Transcribe the following records exactly, images excluded.

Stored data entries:

######

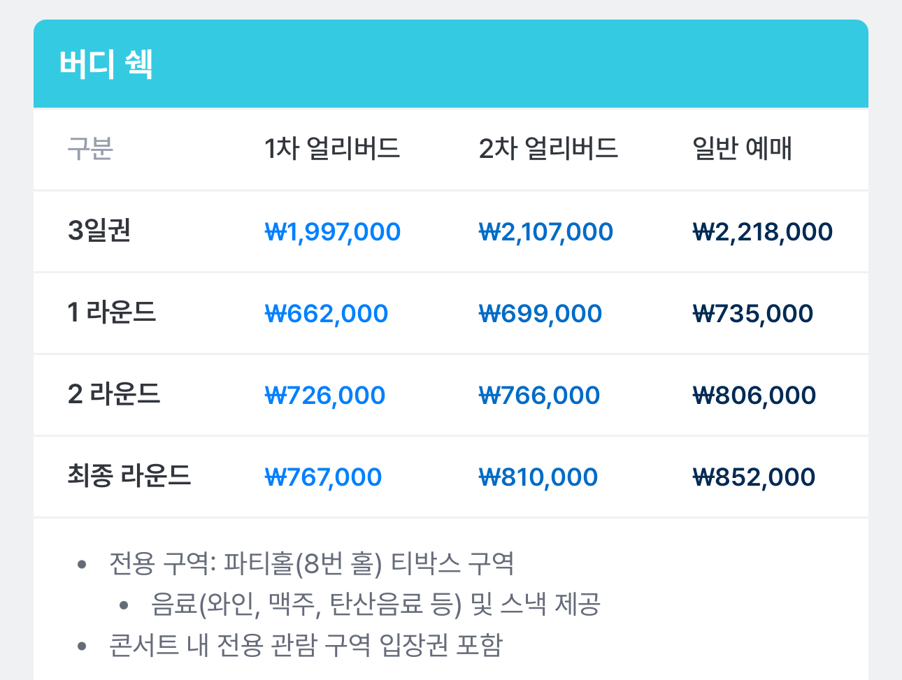 쿠팡플레이에서 LIV 골프 코리아 대회 입장권을 판매합니다. 예매는 2025년 3월 19일 오후 8시부터 시작되며, 1차 얼리버드 예매로 모든 티켓에 10% 할인이 적용됩니다. 2차는 5% 할인이 적용될 예정이며, 티켓은 다음과 같은 혜택을 제공합니다:
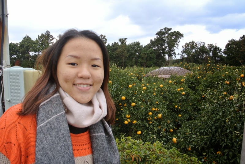一大片的橘子园,不过这些都是[夏橘],只有夏天才能摘来吃。这个季节可以拿来当石头来用,硬邦邦的。
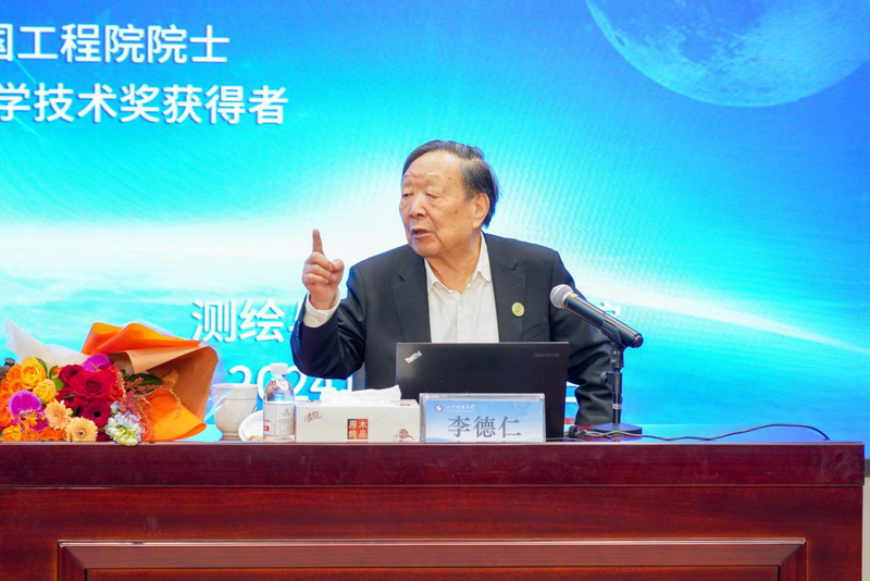 报告会上,李德仁院士以习近平总书记关于新质生产力的重要论述开篇,论述了新质生产力与时空智能的关系,以无所不在的PNT与PNTRC、无人机与移动测量机器人、传感网与无人舰艇、月球与火星智能探测等为例,运用大量详实的科研成果对空天、空地、水面水下、深空、社会经济时空智能进行了详细介绍。他对时空智能学的兴起、定义进行阐释,表示时空智能学是应当今万物互联和人工智能时代需要应运而生,提出要从测绘遥感地理信息学到时空智能去拥抱新质生产力,努力推进和实现天空地海无所不在的时空智能,抓紧推进人工智能引导下的通导遥一体化的时空智能大众化服务,创造多个万亿级新质生产力产业,勇敢推动测绘学走向时空智能学。
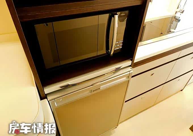 厨房操作台的尺寸还是比较不错的,台面上提供了翻盖的双孔燃气灶和不锈钢水槽,日常的基本烹饪需求还是能够满足的,而厨房区的上下方则配置了多个储物空间,整体上也提升了全车的储物能力。
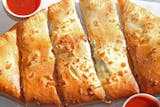 A classic snack, our garlic knots are strips of pizza dough tied in a knot, baked, and then topped with melted butter, garlic, and parsley. Served with a side of sauce.
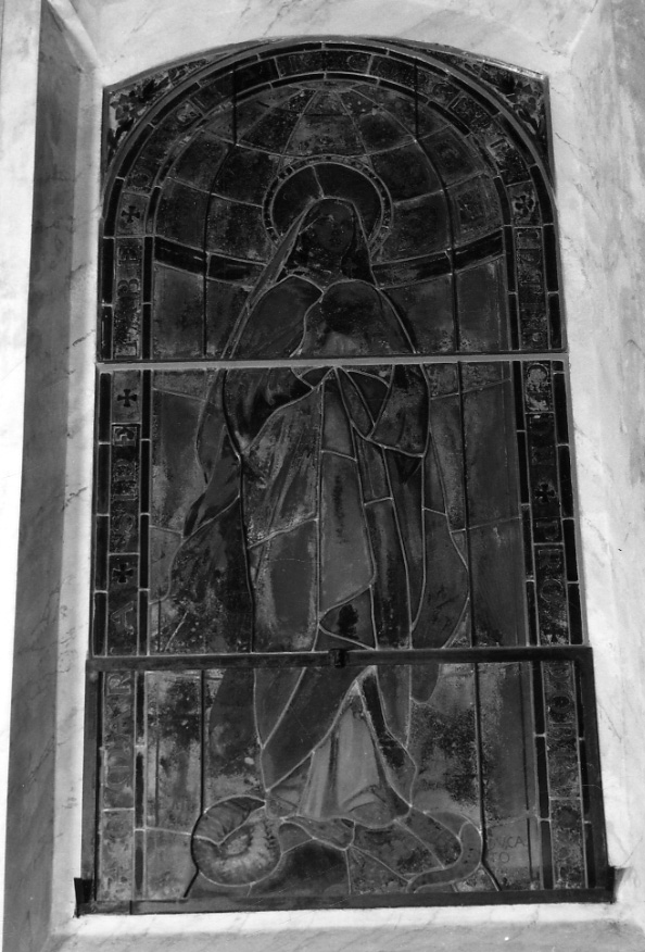 La vetrata è legata a piombo e dipinta. La Madonna, con manto azzurro e abito e velo bianchi, stante sul globo, calpesta il serpente e tiene con le due mani la medaglia miracolosa

######

Exercise answer:
 쿠팡플레이에서 LIV 골프 코리아 대회 입장권을 판매합니다. 예매는 2025년 3월 19일 오후 8시부터 시작되며, 1차 얼리버드 예매로 모든 티켓에 10% 할인이 적용됩니다. 2차는 5% 할인이 적용될 예정이며, 티켓은 다음과 같은 혜택을 제공합니다:
一大片的橘子园,不过这些都是[夏橘],只有夏天才能摘来吃。这个季节可以拿来当石头来用,硬邦邦的。
 报告会上,李德仁院士以习近平总书记关于新质生产力的重要论述开篇,论述了新质生产力与时空智能的关系,以无所不在的PNT与PNTRC、无人机与移动测量机器人、传感网与无人舰艇、月球与火星智能探测等为例,运用大量详实的科研成果对空天、空地、水面水下、深空、社会经济时空智能进行了详细介绍。他对时空智能学的兴起、定义进行阐释,表示时空智能学是应当今万物互联和人工智能时代需要应运而生,提出要从测绘遥感地理信息学到时空智能去拥抱新质生产力,努力推进和实现天空地海无所不在的时空智能,抓紧推进人工智能引导下的通导遥一体化的时空智能大众化服务,创造多个万亿级新质生产力产业,勇敢推动测绘学走向时空智能学。
 厨房操作台的尺寸还是比较不错的,台面上提供了翻盖的双孔燃气灶和不锈钢水槽,日常的基本烹饪需求还是能够满足的,而厨房区的上下方则配置了多个储物空间,整体上也提升了全车的储物能力。
 A classic snack, our garlic knots are strips of pizza dough tied in a knot, baked, and then topped with melted butter, garlic, and parsley. Served with a side of sauce.
 La vetrata è legata a piombo e dipinta. La Madonna, con manto azzurro e abito e velo bianchi, stante sul globo, calpesta il serpente e tiene con le due mani la medaglia miracolosa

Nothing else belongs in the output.